CLIMATE SCIENCE CORRUPTED
How the IPCC’s sponsor, the UNEP, and key IPCC individuals have misled Governments into supporting the notion of manmade warming
by John McLean
SUMMARY FOR POLICY MAKERS
The Intergovernmental Panel on Climate Change (IPCC) was established under the sponsorship of the World Meteorological Organization (WMO) and the United Nations Environment Programme (UNEP). The UNEP’s belief in manmade warming in the late 1970’s led to a stage-managed conference in Villach in 1985, which in turn led to the political decision to form the IPCC.
The IPCC rose to prominence because people with clear bias were appointed to key positions where they could influence the development of the entire organization. Bert Bolin, the first chairman of the IPCC was already heavily committed to the notion of manmade warming having worked previously for the UNEP, WMO, the Brundtland Report, the SCOPE 29 report (on which the first IPCC report was largely based) and, very crucially, having documented that the Villach conference reached a consensus that manmade emissions of carbon dioxide were to blame for variations in climate.
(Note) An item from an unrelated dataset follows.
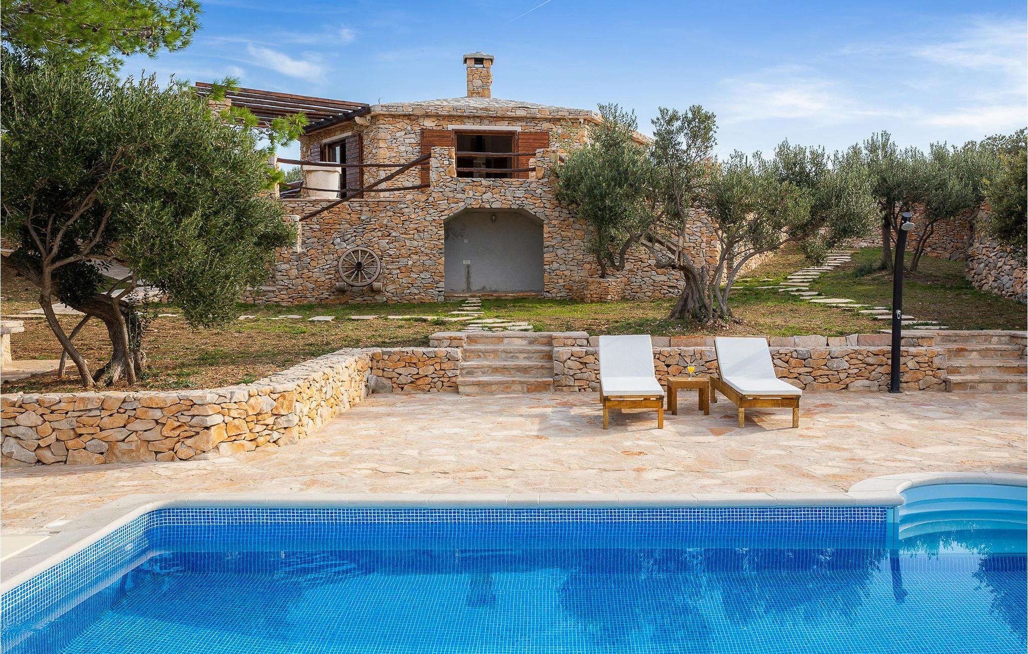 Nyd den rolige atmosfære i denne charmerende stenvilla med swimmingpool og havudsigt. Denne smukke stenvilla tilbyder en perfekt blanding af traditionel dalmatisk stil og moderne komfort. Det smagfuldt indrettede interiør med omhyggelig sans for detaljer skaber en indbydende atmosfære. Det veludstyrede køkken med spiseplads lægger op til at lave mad sammen, mens den hyggelige stue er det perfekte sted at slappe af. Den rummelige terrasse med komfortabelt siddeområde og liggestole tilbyder en storslået udsigt over det glitrende hav. Et andet lille gæstehus på ejendommen giver ekstra komfort. Nyd en morgendukkert i den private swimmingpool, og saml jer om aftenen ved grillhytten. Povlja er et idyllisk sted, perfekt til en afslappende ferie. Udforsk de maleriske omgivelser og nyd afslappende dage på strandene med krystalklart vand. For varierede udflugter anbefaler vi de charmerende byer Bol, Supetar eller Milna, som byder på et varieret udvalg af restauranter, caféer og kulturelle attraktioner. Vandsportsentusiaster kan nyde dykning eller sejlads, mens naturelskere kan opdage de mange vandrestier gennem middelhavslandskabet.

John Houghton, the first chairman of the IPCC working group that attributes blame for climate change, was assisted in his assertions by his staff at the UK Met Office and by a very supportive UK government.
The other key factor for the IPCC was the adoption of the UNEP’s methods of coercing governments and the general public. Those methods included (a) the use of the environmentalists’ catch-all the “precautionary principle”, (b) a penchant for creating models based on partially complete scientific understanding and then citing the output of those models as evidence, (c) the politicisation of science through the implied claim that consensus determines scientific truth, (d) the use of strong personalities and people of influence, and (e) the manipulation of the media and public opinion. Directly and indirectly these methods greatly influenced political parties whether they held government or not
None of these UNEP techniques provide scientific justification of the IPCC’s principal claim, which considered dispassionately is very weak. Not only is it based on the output of climate models, that the IPCC shows us are built according to incomplete knowledge and therefore cannot be accurate, but also on the opinions of those who use such models as if somehow the models were credible and scientific truth should be determined by consensus and opinion.
It is long overdue that the IPCC was called for what it is – a political body driven not by the evidence that it pretends exists but by the beliefs and philosophies of the UNEP, the IPCC’s sponsor, and by the initial holders of key IPCC positions.
Since the publication of its Fourth Assessment Report, the Intergovernmental Panel on Climate Change (IPCC) has been severely criticized by several writers, myself included. These writers have highlighted the IPCC’s use of questionable data, weak evidence, wild assertions, failure to abide by its own procedures, distortion of the normal peer review process, mendacious statements of some of its senior people and, overall, its attitude of advocacy and the continued defence of a dubious and discredited hypothesis.
To understand how these attitudes became an integral part of the IPCC we need to look at the influence of its two sponsoring organizations on both the creation of the IPCC and its ongoing operations.
One sponsor is the World Meteorological Organization (WMO), a body whose focus until recently was on the observation and measurement of meteorological phenomenon; the other is the United Nations Environment Programme (UNEP), whose position on several subjects has been tantamount to activism and whose advocacy on key issues has been subsequently proven to be exaggerated, doubtful or downright wrong.
The roots of the IPCC can be traced back to a conference in Villach, Austria, in 1980, hosted by the WMO, UNEP and the International Council of Scientific Unions (ICSU), with the aim of providing a “carefully prepared scientific assessment of the CO2 question to provide them with guidance in their future activities and advice to nations”. According to Franz1, this conference concluded that the scientific uncertainties were so significant that no CO2 management plan could be proposed.